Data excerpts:
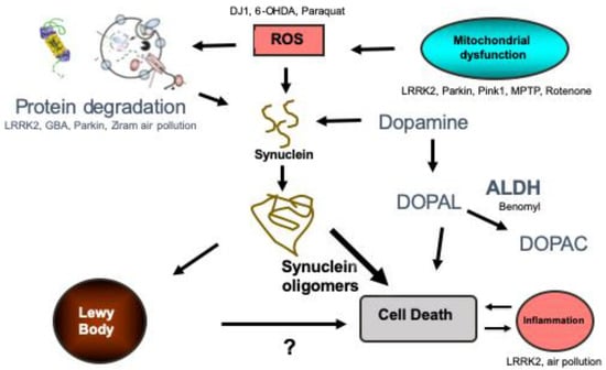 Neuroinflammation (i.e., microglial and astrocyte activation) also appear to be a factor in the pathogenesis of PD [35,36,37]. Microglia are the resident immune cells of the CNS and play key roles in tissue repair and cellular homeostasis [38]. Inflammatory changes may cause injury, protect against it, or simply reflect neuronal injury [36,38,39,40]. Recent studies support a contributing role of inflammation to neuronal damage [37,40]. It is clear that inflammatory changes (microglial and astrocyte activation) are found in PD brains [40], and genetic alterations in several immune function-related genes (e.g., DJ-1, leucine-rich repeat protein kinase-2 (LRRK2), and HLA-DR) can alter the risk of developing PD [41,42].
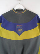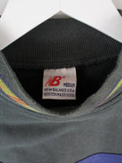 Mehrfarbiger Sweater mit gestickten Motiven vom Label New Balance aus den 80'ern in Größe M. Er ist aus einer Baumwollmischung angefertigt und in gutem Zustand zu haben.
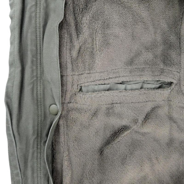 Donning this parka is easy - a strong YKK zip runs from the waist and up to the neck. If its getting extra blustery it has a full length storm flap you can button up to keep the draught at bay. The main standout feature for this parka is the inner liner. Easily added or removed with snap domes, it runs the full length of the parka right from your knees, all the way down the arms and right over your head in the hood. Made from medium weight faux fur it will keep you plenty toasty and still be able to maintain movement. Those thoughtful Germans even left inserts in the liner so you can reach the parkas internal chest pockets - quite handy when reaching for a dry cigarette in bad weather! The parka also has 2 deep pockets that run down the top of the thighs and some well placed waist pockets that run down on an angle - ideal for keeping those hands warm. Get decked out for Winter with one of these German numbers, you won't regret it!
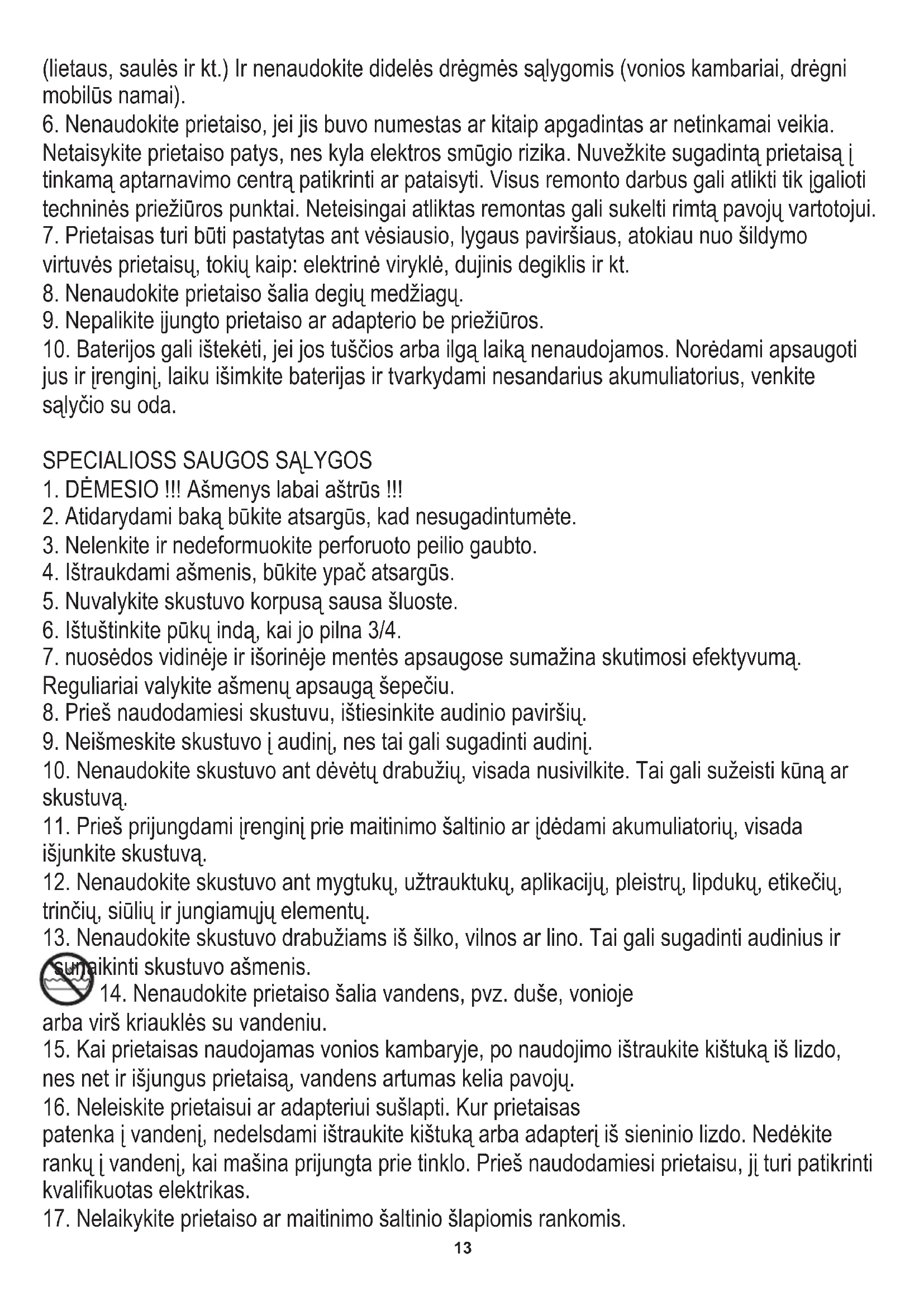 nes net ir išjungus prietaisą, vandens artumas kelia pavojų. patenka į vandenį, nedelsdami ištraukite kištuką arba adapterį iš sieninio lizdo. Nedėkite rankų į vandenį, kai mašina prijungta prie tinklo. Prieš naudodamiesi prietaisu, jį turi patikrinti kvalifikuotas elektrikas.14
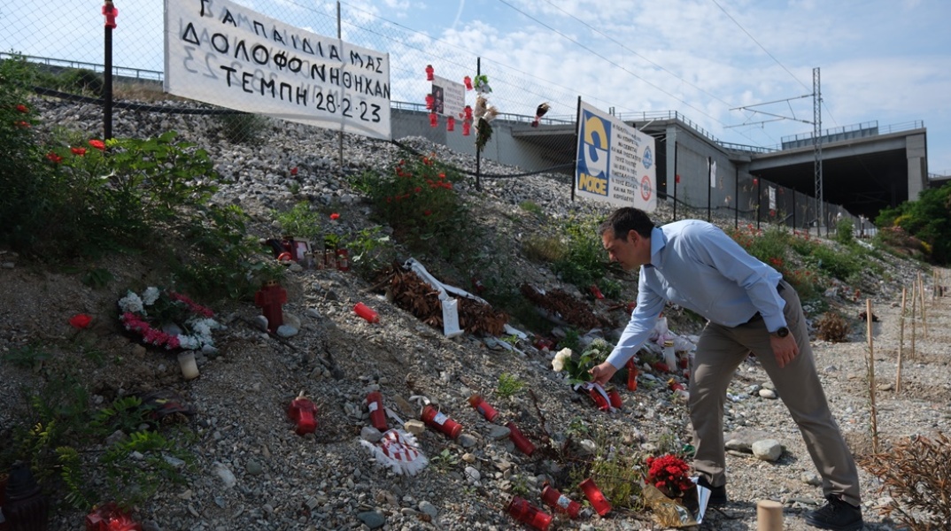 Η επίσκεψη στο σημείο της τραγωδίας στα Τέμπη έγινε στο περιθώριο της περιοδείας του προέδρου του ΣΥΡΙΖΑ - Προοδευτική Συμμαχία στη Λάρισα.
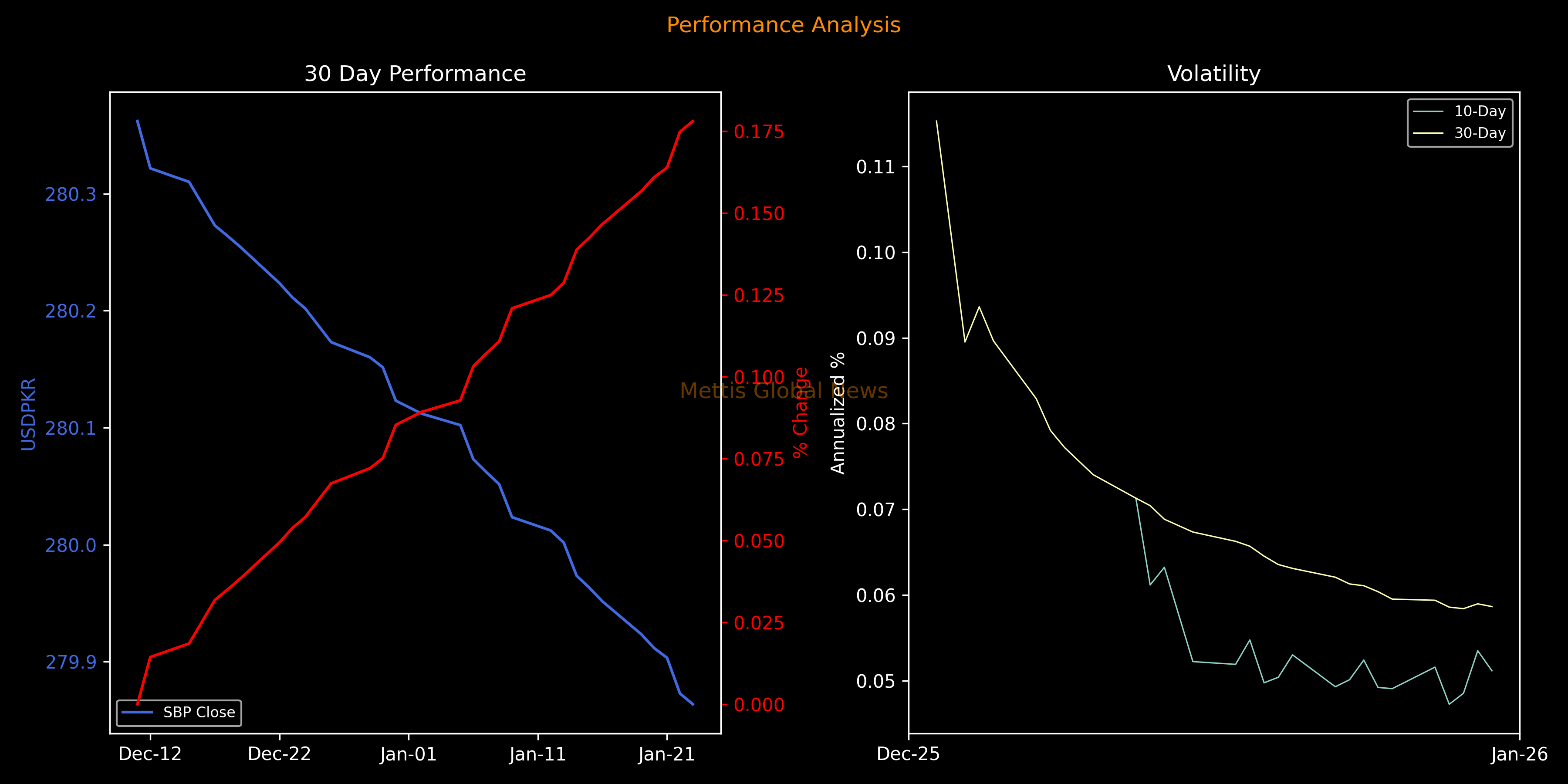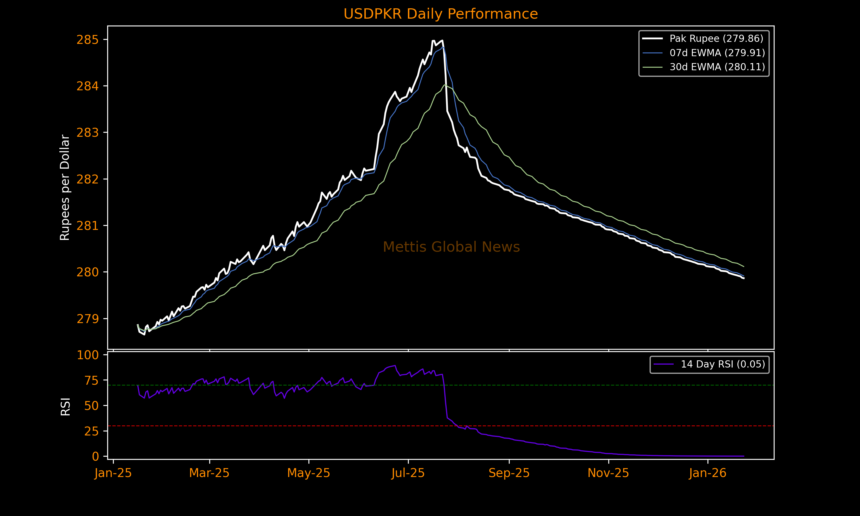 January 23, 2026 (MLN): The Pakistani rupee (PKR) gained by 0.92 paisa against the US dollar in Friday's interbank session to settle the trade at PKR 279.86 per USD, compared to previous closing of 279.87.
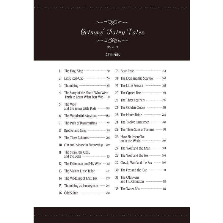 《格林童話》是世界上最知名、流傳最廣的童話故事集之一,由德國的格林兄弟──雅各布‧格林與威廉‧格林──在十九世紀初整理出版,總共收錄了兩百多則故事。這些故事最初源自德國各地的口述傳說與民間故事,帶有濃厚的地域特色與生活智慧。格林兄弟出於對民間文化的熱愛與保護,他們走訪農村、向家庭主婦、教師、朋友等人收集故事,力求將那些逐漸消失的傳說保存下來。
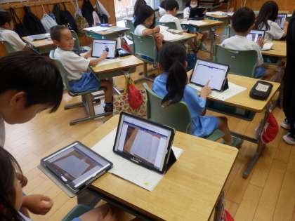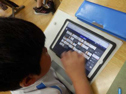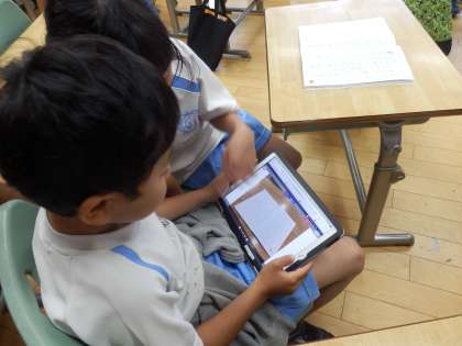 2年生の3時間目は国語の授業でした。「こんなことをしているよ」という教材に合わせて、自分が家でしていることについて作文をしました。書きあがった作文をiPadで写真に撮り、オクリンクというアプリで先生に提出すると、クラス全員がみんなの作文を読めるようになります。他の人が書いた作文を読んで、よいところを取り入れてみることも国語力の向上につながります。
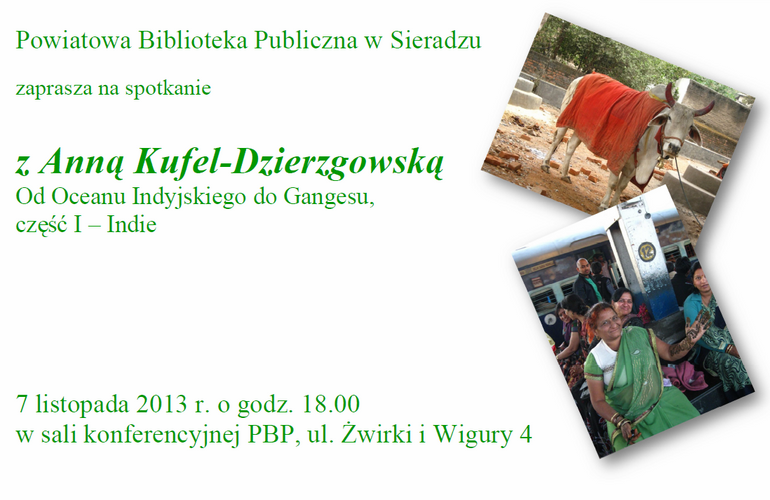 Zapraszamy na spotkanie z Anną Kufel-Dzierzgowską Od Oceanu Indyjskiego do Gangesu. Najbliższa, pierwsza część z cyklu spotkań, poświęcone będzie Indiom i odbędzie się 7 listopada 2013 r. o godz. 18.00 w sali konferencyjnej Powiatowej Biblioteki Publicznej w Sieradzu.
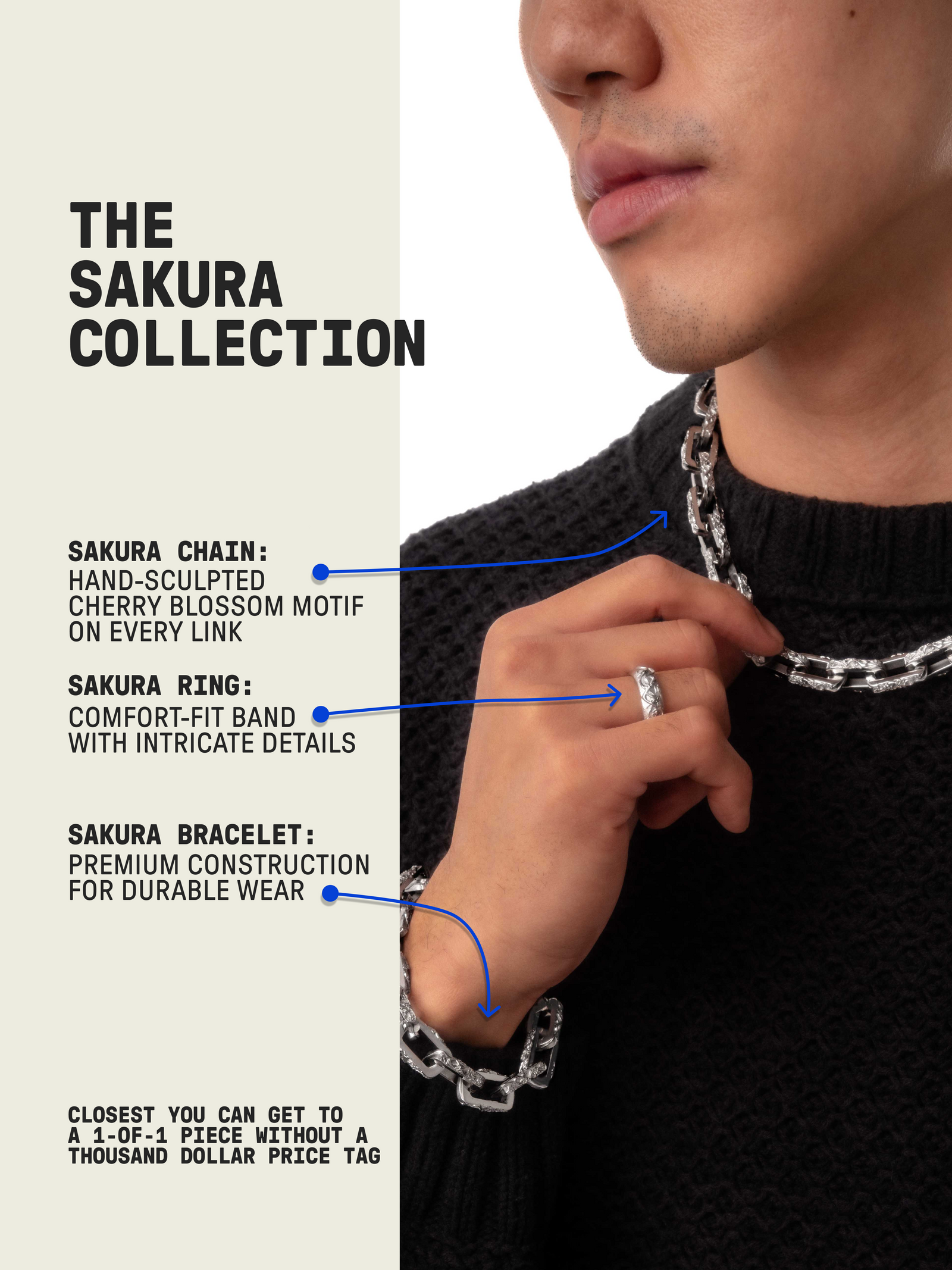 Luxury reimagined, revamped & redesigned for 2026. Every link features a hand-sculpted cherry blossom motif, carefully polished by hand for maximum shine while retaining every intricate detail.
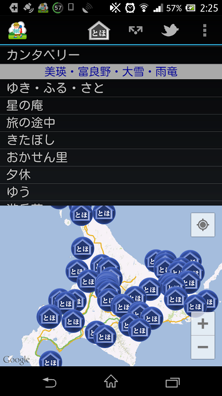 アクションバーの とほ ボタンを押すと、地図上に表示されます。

EXERCISE REQUIREMENTS: Repeat the entries exactly, without pictures.

COMPLETED EXERCISE:
 Neuroinflammation (i.e., microglial and astrocyte activation) also appear to be a factor in the pathogenesis of PD [35,36,37]. Microglia are the resident immune cells of the CNS and play key roles in tissue repair and cellular homeostasis [38]. Inflammatory changes may cause injury, protect against it, or simply reflect neuronal injury [36,38,39,40]. Recent studies support a contributing role of inflammation to neuronal damage [37,40]. It is clear that inflammatory changes (microglial and astrocyte activation) are found in PD brains [40], and genetic alterations in several immune function-related genes (e.g., DJ-1, leucine-rich repeat protein kinase-2 (LRRK2), and HLA-DR) can alter the risk of developing PD [41,42].
 Mehrfarbiger Sweater mit gestickten Motiven vom Label New Balance aus den 80'ern in Größe M. Er ist aus einer Baumwollmischung angefertigt und in gutem Zustand zu haben.
 Donning this parka is easy - a strong YKK zip runs from the waist and up to the neck. If its getting extra blustery it has a full length storm flap you can button up to keep the draught at bay. The main standout feature for this parka is the inner liner. Easily added or removed with snap domes, it runs the full length of the parka right from your knees, all the way down the arms and right over your head in the hood. Made from medium weight faux fur it will keep you plenty toasty and still be able to maintain movement. Those thoughtful Germans even left inserts in the liner so you can reach the parkas internal chest pockets - quite handy when reaching for a dry cigarette in bad weather! The parka also has 2 deep pockets that run down the top of the thighs and some well placed waist pockets that run down on an angle - ideal for keeping those hands warm. Get decked out for Winter with one of these German numbers, you won't regret it!
 nes net ir išjungus prietaisą, vandens artumas kelia pavojų. patenka į vandenį, nedelsdami ištraukite kištuką arba adapterį iš sieninio lizdo. Nedėkite rankų į vandenį, kai mašina prijungta prie tinklo. Prieš naudodamiesi prietaisu, jį turi patikrinti kvalifikuotas elektrikas.14
 Η επίσκεψη στο σημείο της τραγωδίας στα Τέμπη έγινε στο περιθώριο της περιοδείας του προέδρου του ΣΥΡΙΖΑ - Προοδευτική Συμμαχία στη Λάρισα.
 January 23, 2026 (MLN): The Pakistani rupee (PKR) gained by 0.92 paisa against the US dollar in Friday's interbank session to settle the trade at PKR 279.86 per USD, compared to previous closing of 279.87.
 《格林童話》是世界上最知名、流傳最廣的童話故事集之一,由德國的格林兄弟──雅各布‧格林與威廉‧格林──在十九世紀初整理出版,總共收錄了兩百多則故事。這些故事最初源自德國各地的口述傳說與民間故事,帶有濃厚的地域特色與生活智慧。格林兄弟出於對民間文化的熱愛與保護,他們走訪農村、向家庭主婦、教師、朋友等人收集故事,力求將那些逐漸消失的傳說保存下來。
 2年生の3時間目は国語の授業でした。「こんなことをしているよ」という教材に合わせて、自分が家でしていることについて作文をしました。書きあがった作文をiPadで写真に撮り、オクリンクというアプリで先生に提出すると、クラス全員がみんなの作文を読めるようになります。他の人が書いた作文を読んで、よいところを取り入れてみることも国語力の向上につながります。
 Zapraszamy na spotkanie z Anną Kufel-Dzierzgowską Od Oceanu Indyjskiego do Gangesu. Najbliższa, pierwsza część z cyklu spotkań, poświęcone będzie Indiom i odbędzie się 7 listopada 2013 r. o godz. 18.00 w sali konferencyjnej Powiatowej Biblioteki Publicznej w Sieradzu.
 Luxury reimagined, revamped & redesigned for 2026. Every link features a hand-sculpted cherry blossom motif, carefully polished by hand for maximum shine while retaining every intricate detail.
 アクションバーの とほ ボタンを押すと、地図上に表示されます。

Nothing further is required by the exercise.